Put all your STCW certs right up front, with issue and expiry dates. Your yacht training and certification shows you’re legal and safe to work. At minimum, you’ll need STCW Basic Safety, Medical First Aid, and Food Safety.

Got extras? List RYA, powerboat, diving, culinary, wine courses—whatever fits. Put the most relevant ones first, depending on the job you want.

Keep dates current and drop expired stuff. Captains do check. If you’ve got certs from different countries, group them by type to keep things tidy.

Superyacht CV Template Overview

Superyacht CV templates give you a ready-made structure that matches what captains and agencies want to see. They come with all the must-have sections, so you don’t miss anything crucial.

Template Features and Benefits

These templates highlight your maritime certs, yacht experience, and relevant skills. You’ll find spots for your STCW, medical docs, and when you’re available to join a yacht.

Most are in Word or Pages format, so you don’t need any fancy software. They’re set up with fields for deckhand, stew, or other roles—just fill in your details.

The layout helps you include info that a surprising number of people forget. They’re clean, easy to read, and help you stick to the ideal 1-2 page length. Some even come with guides to help you figure out what captains are really looking for.

How to Customize the Template

Fill in your personal info: name, contact, location. Swap in your real certs—list them using the official acronyms (STCW, ENG1, PDSD, etc.).

Enter your yacht experience, starting with the latest. Name, length, type, your role, dates, plus a couple of bullet points about what you actually did or achieved.

Adjust the skills section for your target job. Deckhands should focus on technical stuff; stews, on hospitality and service. If a section doesn’t apply to you, just remove it—don’t leave blanks.
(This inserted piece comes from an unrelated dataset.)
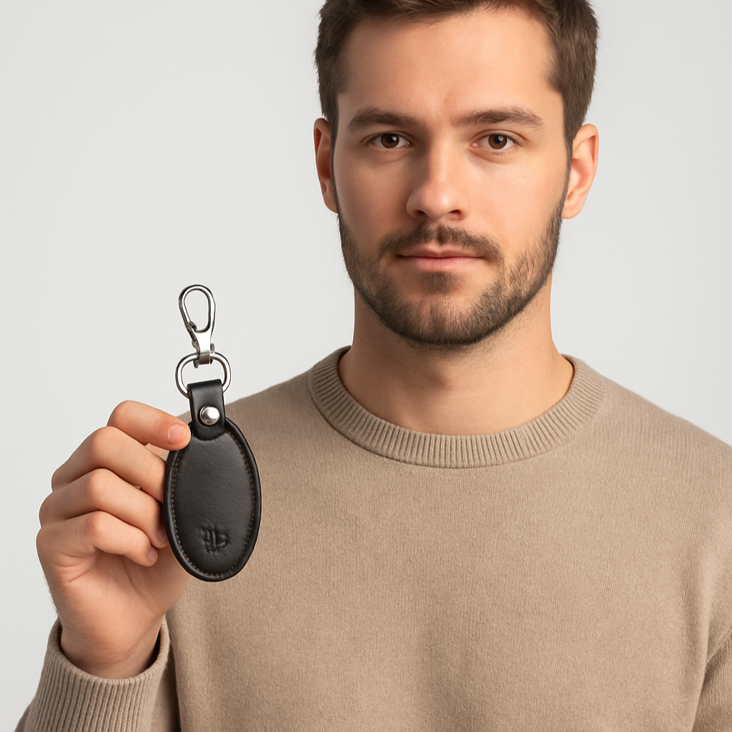 Each keychain is designed with a sleek silver key ring and a sturdy hook, allowing you to securely attach keys, fobs, or small accessories. The soft leather texture feels luxurious in hand, while the compact design ensures it slips easily into pockets, bags, or hangs neatly from belt loops. Whether used for house keys, car keys, or office keys, these keychains add a touch of sophistication to your everyday essentials.

Download and Usage Instructions

Download the template from your chosen provider. Open it in Word, Pages, or any program that keeps the formatting intact.

Save a clean master copy before you start editing. Work from copies for each job application so you always have a fresh template. Export as PDF to make sure your formatting doesn’t get scrambled when you send it.
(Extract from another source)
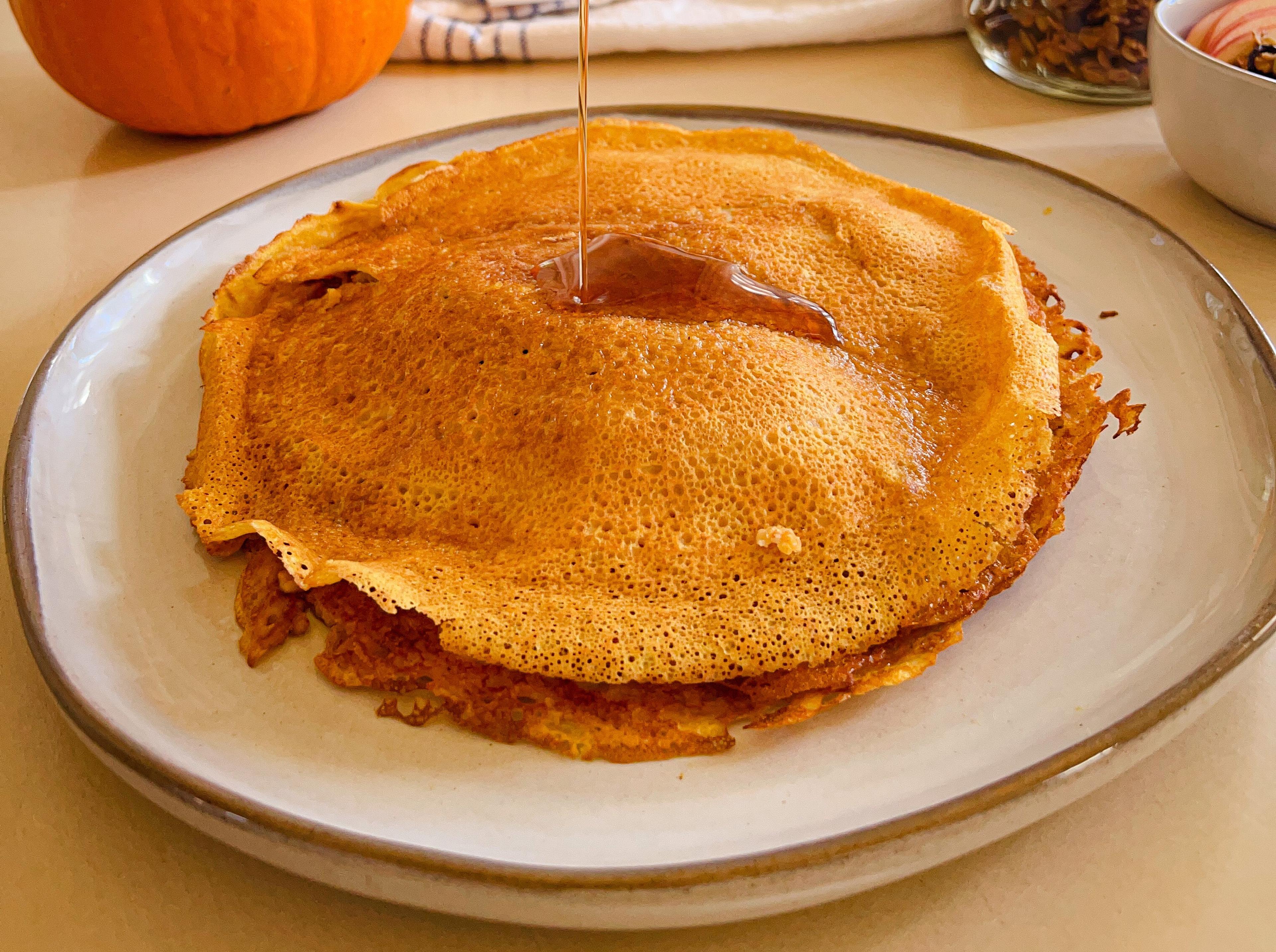 Try these healthy and easy pumpkin pancakes for your next breakfast or brunch to bring the warmth of pumpkin spice flavors to your table. This recipe features canned pumpkin whisked into a homemade pancake batter full of ginger, nutmeg, and cinnamon.

Name your file clearly—something like “FirstName_LastName_Yacht_CV.pdf”—before you send it out. Keep your CV updated, even if you’re not job-hunting right now. You never know when the next opportunity will pop up.

Deckhand Yacht CV Essentials

A deckhand CV needs to show you’ve got real-world skills, hands-on experience with boats, and up-to-date safety certs. Don’t overthink it—just be honest and clear about what you can do.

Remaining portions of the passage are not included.